TA [00:03:17] Polaris, of course, being this the fixed star by which the ancients used to navigate at sea. And I was thinking really about what it is to have a key, a note which is a key, A or C-sharp, in this piece, are the two. And I thought, what really is that? I mean, nobody still quite understands why if you play C major and G major and go backwards and forwards, just those two chords, you can think, is this one or is this four? Is this five? It's very mysterious and no one's really quite understood how this works. What is it? But the fact is that something, I think something to do with weights, you know, one of them will feel heavier and it has more gravity, literally like a thing, an object having magnetic pull of some kind. So this piece is about, it just begins with one particular note, and it has, it's a magnetic series, it keeps coming back to that note, one-two, one-two-three, one-two-three-four, one-two-three-four-five, all the way to twelve. And that's where it goes on its head. And it's as if the polls are reversed. And more than that, it will probably be confusing, to say that I, really... The whole piece is one melody which is played at the same time as itself up to five or six times, upside down, different speeds. But I'm hoping that it creates this feeling of shifting magnetic forces.
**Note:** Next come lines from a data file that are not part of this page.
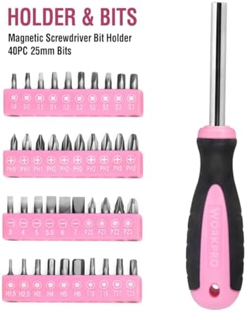 WORKPRO Kit d’Outils 103 Pièces Rose comprend :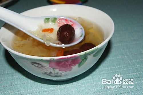 银耳红枣汤,这个汤具有补肾、润肠、益胃、补气、和血、强心、壮身、补脑、提神、美容、嫩肤、延年益寿的功能。用于治肺热咳嗽、肺燥干咳、妇女月经不调、胃炎、大便秘结,内分泌失调,对于皮肤暗淡无光的朋友长期服用可以润肤,并有祛除脸部黄褐斑、雀斑的功效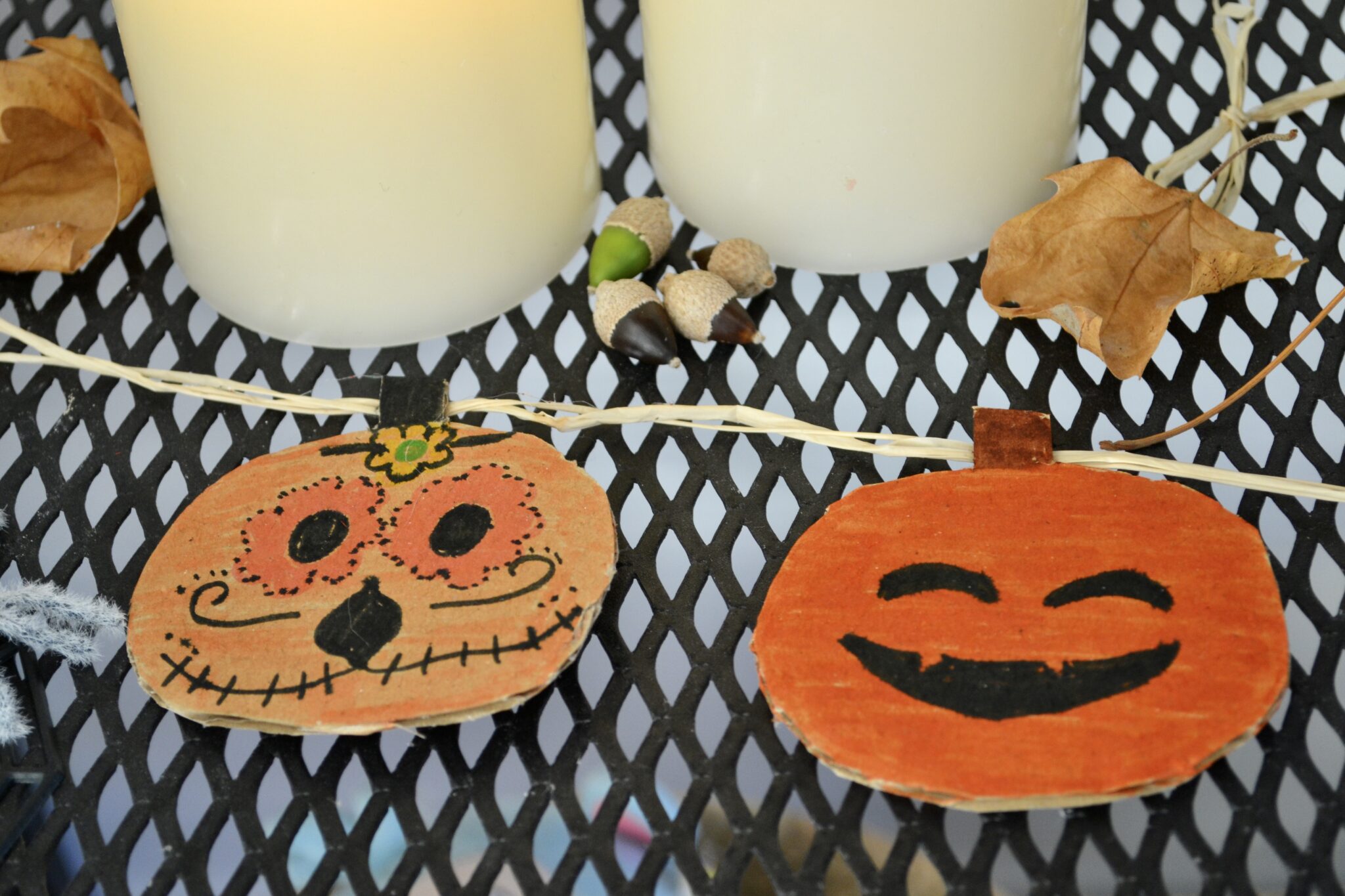 Utiliza tus cajas de cartón para hacer una decoración de Halloween: ¡una guirnalda de calabazas! Un poco de cuerda, unos lápices de colores, un poco de imaginación y ¡listo!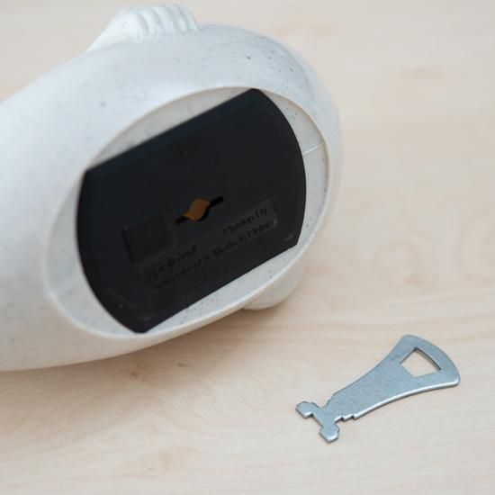 この貯金箱は、もともとフィンランドの銀行で子どもたちにノベルティとして配られていたものでした。当時、子どもたちはカギは銀行に預けておき、貯金箱がいっぱいになったら銀行で開けてもらっていたというかわいらしいエピソードも。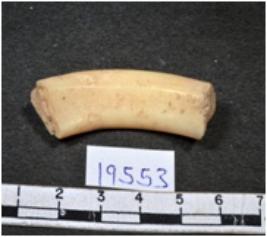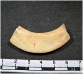 | Description / विवरण | A fragment of shell bangle showing circular in shape and concavo-convex section, having fine surface. |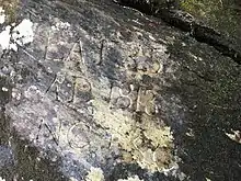 Ellicott Rock Wilderness is named for “Ellicott's Rock,” a rock on the east bank of the Chattooga Wild and Scenic River on which surveyor Major Andrew Ellicott chiseled a mark in 1811 to determine the border between Georgia and North Carolina. Major Ellicott, a well-respected, sought-after surveyor, astronomer, and mathematician, was hired by the state of Georgia to ground-truth the 35th parallel and settle a border dispute between Georgia and North Carolina. The task proved long and arduous, saw difficult terrain, and the location was not accessible by horse. On December 26 with severe weather and limited food, Major Ellicott calculated the 35th parallel and inscribed the letters "N-G" on a rock along the Chattooga Wild and Scenic River. This put the Georgia-North Carolina border approximately 18 miles south of what Georgia claimed at the time. Due to Georgia's unfavorable results, Major Ellicott went unpaid for over a year and was ultimately paid a tiny fraction of the salary promised. Two years later, a group of commissioners representing both North and South Carolina set out to verify the location of Ellicott's Rock. The commissioners carved a second rock (approximately 10 feet north of Ellicott's Rock) with the inscription "Lat 35 AD 1813 NC + SC" to mark where the North Carolina and South Carolina state lines joined. This second rock is commonly referred to as Ellicott's Rock though more accurately it is named Commissioner's Rock. Commissioner's Rock was listed in the National Register of Historic Places on July 24, 1973.[1]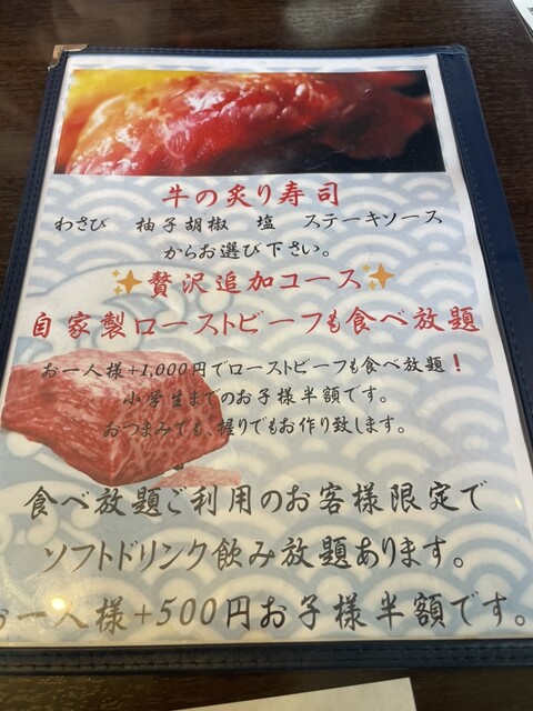 ディナーだと90分5500円(ワンドリンクはついてくる、お茶は飲み放題、ソフトドリンク飲み放題は500円)そして更に1,000円課金でローフトビーフも食べ放題らしい!!笑
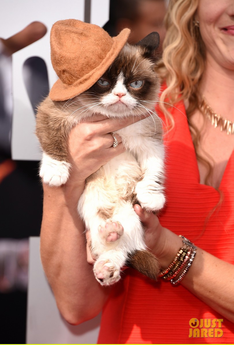 | Chú mèo Grumpy Cat cũng được xuất hiện trên thảm đỏ, trước hàng trăm ống kính phóng viên như bất kỳ ngôi sao Hollywood nào. Có tên thật là Tardar Sauce, Grumpy Cat là chú mèo rất nổi tiếng trên Internet vì gương mặt cáu kỉnh. Trang Facebook của chú mèo này đã có hơn 4 triệu lượt "like" (yêu thích). |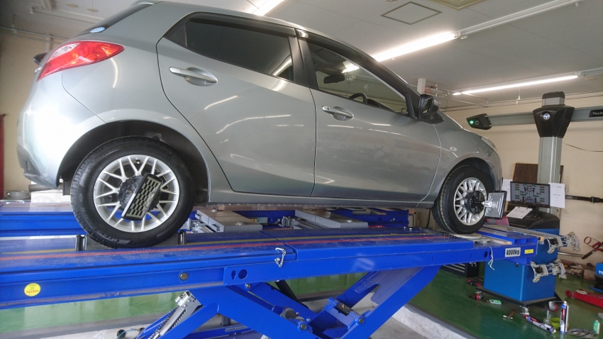 デミオでタイヤ交換×アライメント調整!!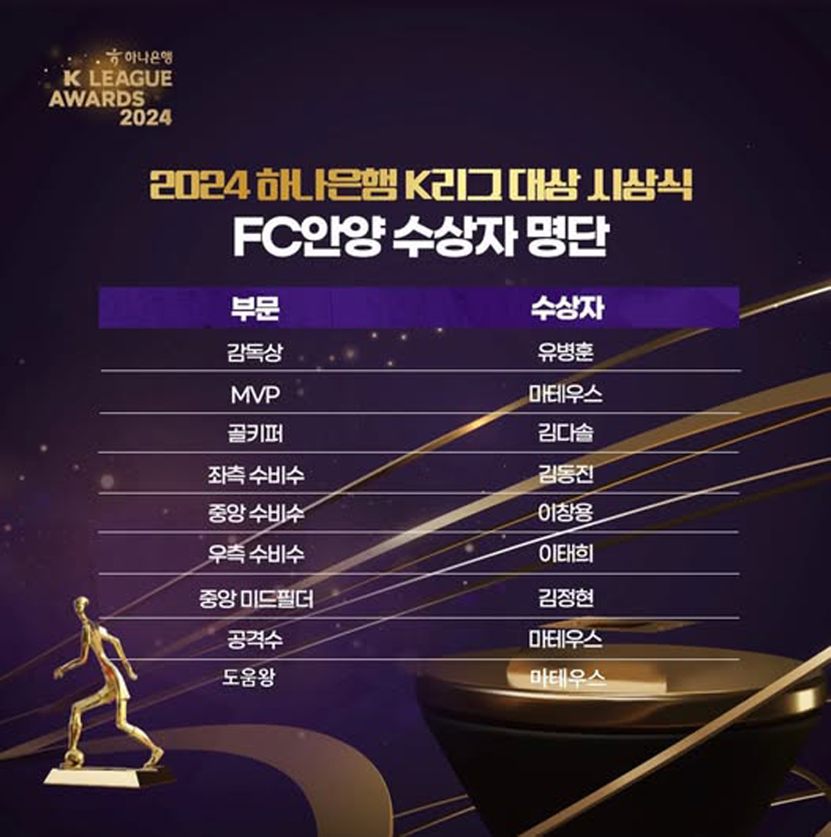 FC안양은 지난 29일 서울 서대문구 스위스 그랜드호텔에서 열린 '하나은행 K리그 2024' 대상 시상식에서 K리그2 감독상과 MVP 외에도 K리그 2 베스트 일레븐중 6명을 배출하고 9개 부문을 차지하며 사실상 상을 싹슬이했다.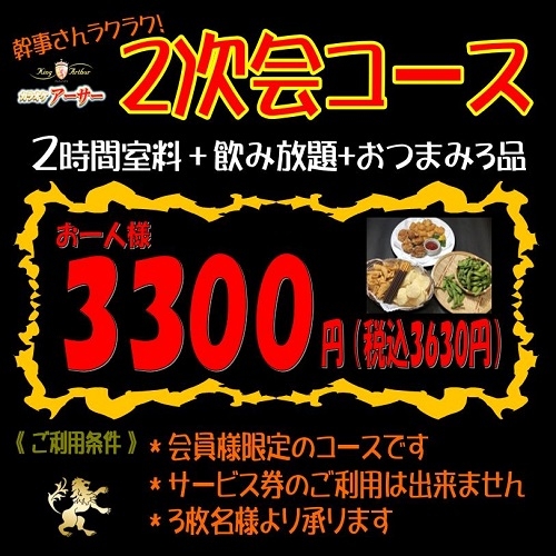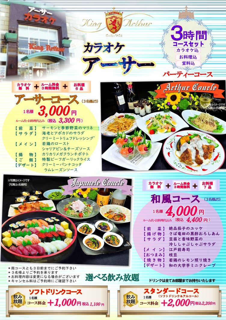 宴会の予約にぴったりのコース料理プラン♪ ・和風コースは創作和風料理! ・女性人気No1アーサーコースは洋風料理! カラオケと美味しい宴会料理でこの夏の宴会を楽しんで下さい!

BMcC [00:04:47] That's actually a really clear explanation. I appreciate that. Yeah. Thank you. The Franck Symphony in D Minor: does this piece have a particular connection thematically to the works on the first half of the program?
TA [00:05:00] It's an abstract piece, of course, in some ways. But I've always adored this piece. It's a very special work. And the connection, if anything, would be that I think Franck discovered various things in harmony and rhythm, which are not even just ahead of their time, but I think he stumbled on Gershwin, I mean, quite by accident. This sort of material, this kind of way of making this harmony that slithers and is unstable and also the syncopations, it's very cle-, and I think he didn't, obviously, know what it was then going to imply, you know, so many years later.
[00:05:43] It just, I think it made him feel, sort of, all sorts of strange things, you know. And I always picture Franck, the wonderful French, very devout organist, in his organ loft in Sainte-Clotilde all day long, in Paris, presumably, occasionally prey to strange, wondering, troubling thoughts. And it's almost as though it shifts between this intense, devout, wonderful faith, and these kind of weird, you know, or spooky, or whatever they are thoughts. And I just felt that it's a piece with lots of perspectives and lots of a sense of voyage. I feel this great second movement is a sort of pilgrim. And I feel that the cor anglais [English horn] is a pilgrim and is beset by will-of-the-wisps and all this kind of thing. So, and there's a great sense of communal and some kind of almost religious hymn-like thing which does, to me, connect to the Ives, actually. Yeah.
BMcC [00:06:42] Thomas Adès, thanks so much for your time today.
TA [00:06:46] Thank you very much. Nice to see you again.